Ok, that’s better. Now you can see the beautiful draping, the fun shoulder pleats and neckline, those wacky pockets that gave me such a headache but that look so cool on the finished garment. I was also hesitant to make this dress because, although I do love an elasticized waist, I was afraid it would make the dress look less chic. I’m so used to seeing elastic waists on cheap, poorly made clothes from fast fashion RTW that I tend to relegate the design feature in my own makes to casual wear and athleisure, and I wanted this garment to work as something a little dressier than that.

While packing for #sewnawayfromhome earlier this year, I hastily threw three patterns into my sewing suitcase, one pattern I loved and had made before, and two Vogue patterns I had never touched. This was VERY risky, because if you have followed along on my #sewnawayfromhome journey in the past, you will have learned along with me how important it is to make patterns that have a great chance of fitting/not needing a ton of adjustments since on the road I don’t have a dress form, a huge table to work on or any of the other tools required to do some serious re-working of a memade garment. But I was running out of time before my departure and unsure of exactly what I wanted to make, and I figured I would just do my best to make these patterns I had never sewn before work. Spoiler alert: I ended up successfully making and loving all three of the garments I made over the week and a half that I was in Vancouver! But it wasn’t all fun and games, folks!

First off, I brought a couple of cuts of fabric with me to Vancouver but I ended up not using either of them for this dress, and instead using the new (at the time) leopard print tencel twill Blackbird Fabrics was carrying in the store. They recently started letting customers pick up their orders directly from their shop instead of posting it in the mail, so I got to stop by the new space and ooooh and aaaahh over every single thing inside, and of course I got to say hi to Carolyn and the lovely members of her team. Once I got back to my hotel and finished sewing up my purple dress, I realized that this leopard print tencel would be a great pairing for Vogue 1287- the fabric has soooo much beautiful drape but it’s not  lightweight and it serves the slightly fitted skirt of the garment very well. The fabric has great body and is soft to the skin, and the print covers up any extra wrinkles that might be hovering around (tencel twill irons well but gets wrinkles very fast).

The pattern pieces for this dress are INSANE. I wish I had taken a picture of everything laid out on the floor after I cut it out, but of course I didn’t think to do that- I had tunnel vision when I cut all these pieces out and all I wanted to do was plow through them so I could make sense of how they fit together. The pieces are so uniquely shaped that I had a lot of trouble envisioning how they would morph into a dress, so, since I didn’t have a dress form, I carefully pinned the paper pieces of the dress together and draped them on my body to get a better idea. It was super helpful, but once I moved to the fabric and all my notches and dots got lost in the busyness of the print, I was back at square one, haha. The pockets were a huge obstacle for me- they fold back on themselves at certain points specified on the pattern pieces and they also make up part of the body of the skirt, but in order to lay right, the front pleats of the skirt waistband have to be perfectly lined up and sewn down, and any shift away from perfection makes the pockets lay really wonky and look weird. I had to take the pockets out twice to get them right and I moved those pleats around like 20 times before I was happy with how the front looked, but who cares, at least I ended up where I wanted to be!
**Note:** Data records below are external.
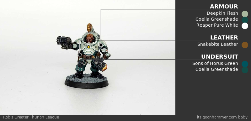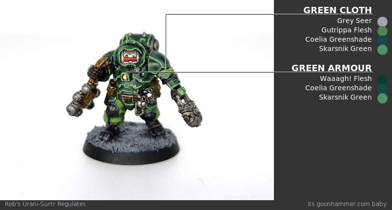 TheChirurgeon's Urani-Surtr Regulates - click to expand The Urani-Surtr Regulates’ worlds are beset on all sides by Xenos adversaries, making them a hardened bunch who hold more grudges than any other League. They’re best known for their grim determination and stubbornness. They have the most drab of the Leagues, wearing green armor with green cloth. I started by priming the model with Grey Seer. I usually start with the cloth parts of the models and here is no exception. I painted the cloth with two coats of Gutrippa Flesh Contrast paint, getting a good even coat of the lighter green. I also painted the faceplate with Leadbelcher at this point, jumping the gun a bit. The best part about doing a white basecoat is being able to easily use Snakebite Leather Contrast to do the leather parts – I hit the model’s belt and grenades belt with it, then I paint the gloves with Cygor Brown Contrast paint. Time for the armor. This is just a coat of Waaagh! Flesh over the armor parts. Be sure to hit the thigh plates when you do this part – they’re easy to miss. I also jump ahead a bit here and paint the boots – they’re just a coat of Black Legion Contrast. At this point I finish applying the other basecoats. That’s primarily Leadbelcher for the metal parts and then Corvus Black to the kneepads and boots. On the boots it serves as a highlight and helps to fill in any parts with an uneven finish from the Contrast over white. Time for washes. I wash the clothing and the armor with Coelia Greenshade, then I wash the metal parts and the boots/kneepads with Nuln Oil. The leather bits don’t really need a wash. Time to clean up the work I did with the washes. For the cloth I go over the raised parts and folds with Skarsnik Green, but that’s a bit lighter and bluer than I’d like so after doing those highlights I go back over the cloth parts – shaded bits and all – with a single coat of Gutrippa Flesh to even it out and give it a yellower hue. For the armor, that gets a new coat of Waaagh! Flesh, though I’m careful to leave the cracks untouched. I’ll shade the plates with a little mix of Waaagh! Flesh and Coelia Greenshade as well, to make some smoother transitions. There are really three sets of highlights here: Wrapping things up, I hit the belt buckle with Leadbelcher and paint the visor – that’s Mephiston Red, shaded with Carroburg Crimson and then highlighted with Wild Rider Red. I hit the rivets on the armor with Runefang Steel and the chest light is Averland Sunset with two progressive dots of Flash Gitz Yellow and Dorn Yellow inside it. And that’s it – pretty easy, and the result is solid. It’s not my favorite Votann scheme but you could do a lot worse and it’s certainly easy to paint.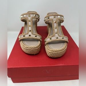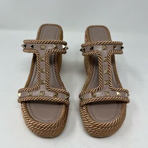 Valentino Garavani Rockstud Torchon T-Strap Rope Espadrille Wedge Sandal Platform size 39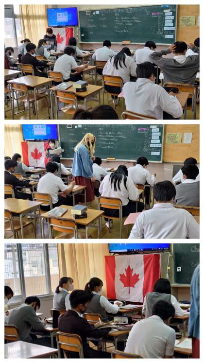 3時間目、2年3組の男子体育、3年3組の英語(分割クラス)の様子です。
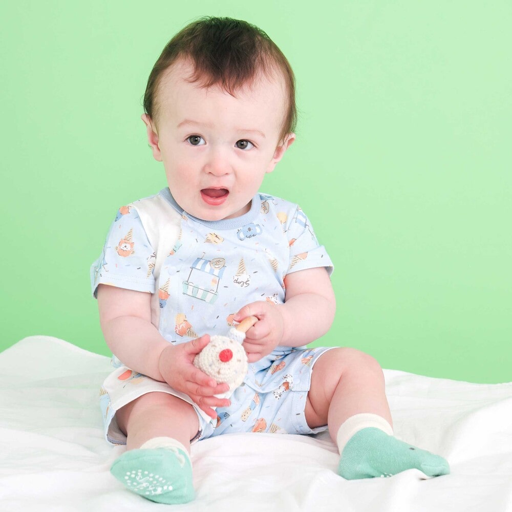ブルー系は、ぱっと見はソフトクリームの総柄のようで、よく見るとアイスの部分が動物になった遊び心いっぱいのデザイン。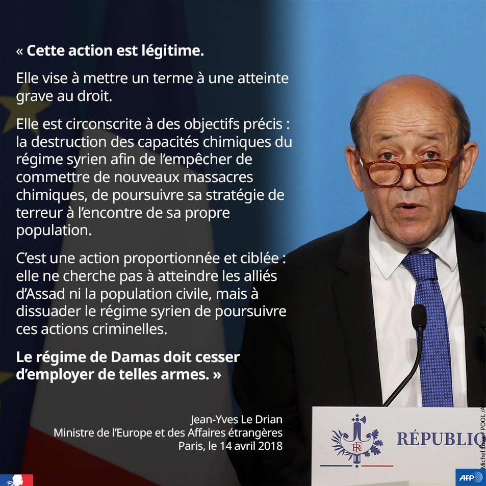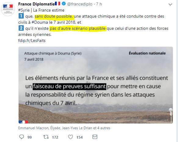 Mais bon revenons à l'affaire syrienne. La France a donc décidé de se ranger sur les vociférations irresponsables de Donald Trump :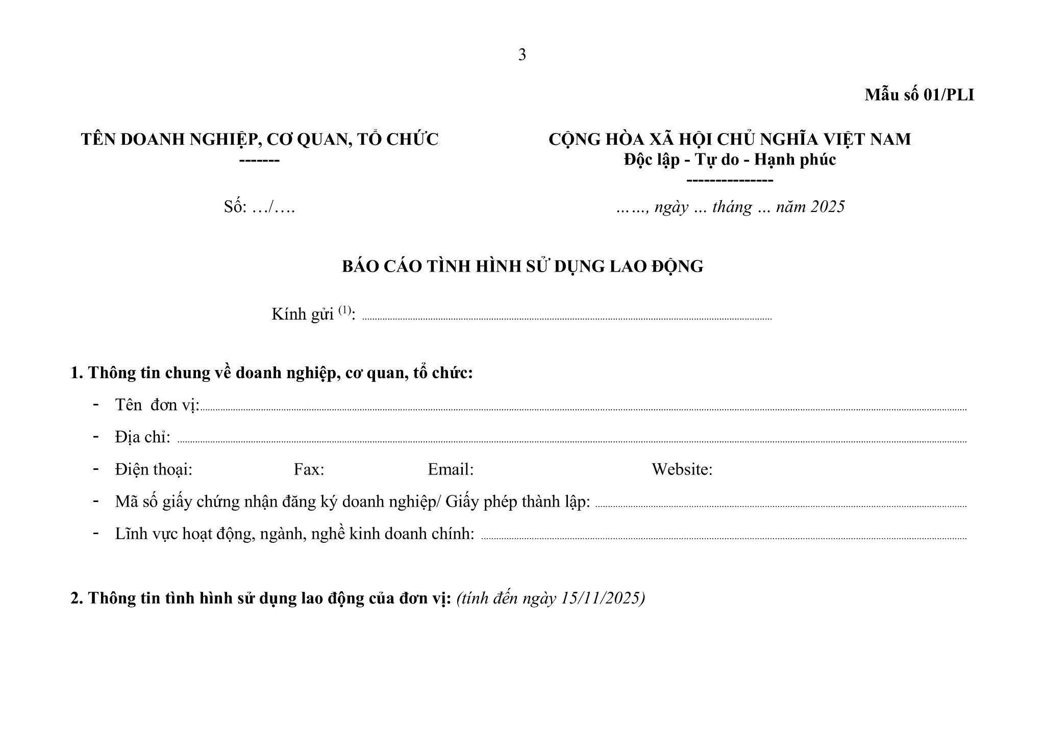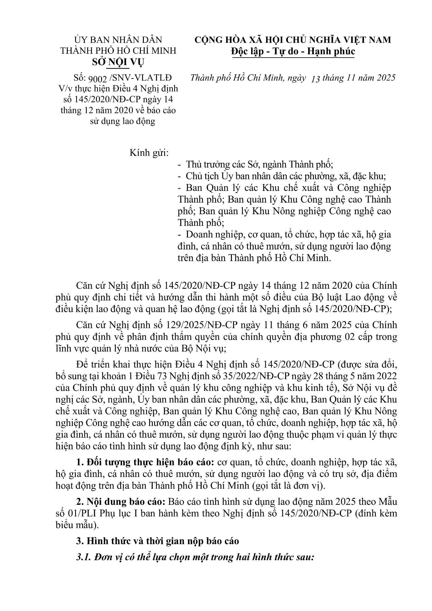 Căn cứ điều 4 Nghị định số 145/2020/NĐ-CP ngày 14 tháng 12 năm 2020 (Nghị định số 145/2020/NĐ-CP) của Chính phủ về việc triển khai thực hiện nội dung báo cáo tình hình sử dụng lao động trên địa bàn, Sở Nội Vụ đề nghị Sở, Ngành, Phòng Nội Vụ thành phố Thủ Đức và các quận, huyện, Ban Quản lý các Khu chế xuất và Công nghiệp Thành phố, Ban quản lý Khu Công nghệ cao Thành phố thông tin, hướng dẫn các cơ quan, tổ chức, doanh nghiệp (gọi tắt là đơn vị), cụ thể như sau:

My memory is a bit hazy because I completed this dress months ago but I believe I cut out a size 10 and graded to a 12 at the hips and I am very pleased at how terrific the fit of this dress is- much of that has to do with the elastic waist, which gives the garment a more forgiving fit, but still, I have made elasticized waists on less complicated patterns that looked way less chic than this. I realize now looking back at the details on the back of the pattern envelope that I took another risk by pairing this fabric and pattern together- although I thought the print and hand of the fabric would work great, the pattern specifies using a fabric with a bit of stretch (it suggests “stretch silk crepe, stretch charmeuse, lightweight jersey”) but of course my tencel twill was a woven. I wondered if this would give me trouble- if a stretch fabric was an absolute necessity, it would mean that this dress, which is designed with no closures whatsoever, would not slip over my head when I tried to put it on. This pattern also includes pieces for a bias cut slip to wear underneath the dress, I guess because charmeuse/silk/lightweight jersey would likely be too thin to wear on it’s own? Looking at the finished design image on the envelope, I could see that there was a decent amount of ease in the waist and hips what with all those pleats and folds, and the bodice was also drafted as very loose fitting, so it seemed hard to imagine that this garment wouldn’t translate well to a woven. Obviously I took the chance and it worked out great- I didn’t need the slip underneath and the dress is easy to get in and out of. I have noticed this in Big 4 quite a lot- this dress also required a stretch lace fabric for its’ outer shell and a lining underneath, but I was already married to my non-stretch bright neon lace and I forged ahead, not even adjusting the size for it, and it worked out perfectly.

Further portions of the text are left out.